Philip Alston, the UN Special Rapporteur on extrajudicial executions, said in a new report that legal justifications for targeted killings were often based on “excessively broad circumstances” and there was a lack of essential accountability mechanisms to ensure that they were legal.
“In terms of the first problem, there are indeed circumstances in which targeted killings may be legal,” Mr. Alston noted. “They are permitted in armed conflict situations when used against combatants or fighters, or civilians who directly engage in combat-like activities.
“But they are increasingly being used far from any battle zone. The United States, in particular, has put forward a novel theory that there is a ‘law of 9/11’ that enables it to legally use force in the territory of other States as part of its inherent right to self-defence on the basis that it is in an armed conflict with al-Qaida, the Taliban and ‘associated forces’, although the latter group is fluid and undefined.

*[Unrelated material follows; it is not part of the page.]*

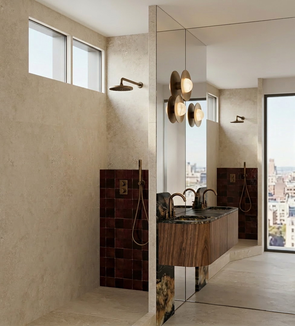 the walls in the shower are covered with marazzi mystone tivoli beige tiles the wall lights are the median model from apparatus studio in alabaster the dark stone is black fusion quartzite the fixtures are in bronze the small square tiles are zelige in dark bordeaux tiles like this https www terredezellige com produit mosaique terre de zellige 3x3 cm sur plaque de 30 5x30 5 cm 07 marron fonce the wall on which is affixed the vanity and the wall lights is fully in mirror there are no fixtures on the wall beneath the window the bathroom is on the 6th floor the floor under the vanity is in the marazzi mystone tivoli beige tiles the walls other than the wall is in the shower are in light beige there is only a small window on the top of the wall it is a small bathroom

“This expansive and open-ended interpretation of the right to self-defence goes a long way towards destroying the prohibition on the use of armed force contained in the UN Charter. If invoked by other States, in pursuit of those they deem to be terrorists and to have attacked them, it would cause chaos,” Mr. Alston writes in his report to the UN Human Rights Council.

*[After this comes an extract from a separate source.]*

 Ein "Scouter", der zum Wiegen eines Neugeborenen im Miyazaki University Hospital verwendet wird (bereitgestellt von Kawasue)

He emphasized that he did not question the seriousness of the challenges posed by terrorism, saying he wholeheartedly condemned actions of al-Qaida and other groups that killed innocent civilians, as well as those that increased the danger of attacks on civilians by hiding in their midst.
“But the fact that such enemies do not play by the rules does not mean that a government can cast those rules aside or unilaterally re-interpret them. The credibility of any government’s claim that it is fighting to uphold the rule of law depends on its willingness to disclose how it interprets and applies the law – and the actions it takes when the law is broken,” according to Mr. Alston.
On accountability, Mr. Alston observed that international law requires that States using targeted killings demonstrate that they are complying with the various rules governing their use in situations of armed conflict.
“The clearest challenge to this principle today comes from the programme operated by the United States’ Central Intelligence Agency (CIA) in which targeted killings are carried out from unmanned aerial vehicles or drones. It is clear that many hundreds of people have been killed as a result, and that this number includes some innocent civilians,” Mr. Alston said.
“Because this programme remains shrouded in official secrecy, the international community does not know when and where the CIA is authorized to kill, the criteria for individuals who may be killed, how it ensures killings are legal, and what follow-up there is when civilians are illegally killed.
“In a situation in which there is no disclosure of who has been killed, for what reason, and whether innocent civilians have died, the legal principle of international accountability is, by definition, comprehensively violated,” Mr. Alston said.
He contrasted the lack of accountability during targeted killings to the established practice in the United States Department of Defense, where controversial military decisions can be reviewed.
“While it is by no means perfect, the United States military has a relatively public accountability process, as demonstrated earlier this week by its report on the incident in Uruzgan, Afghanistan, in which at least 23 civilians were killed based on erroneous intelligence from surveillance drone operators,” Mr. Alston said.
“Intelligence agencies, which by definition are determined to remain unaccountable except to their own paymasters, have no place in running programmes that kill people in other countries,” Mr. Alston added.
The Special Rapporteur reports to the Human Rights Council, which is based in Geneva, and serves in an independent and unpaid capacity.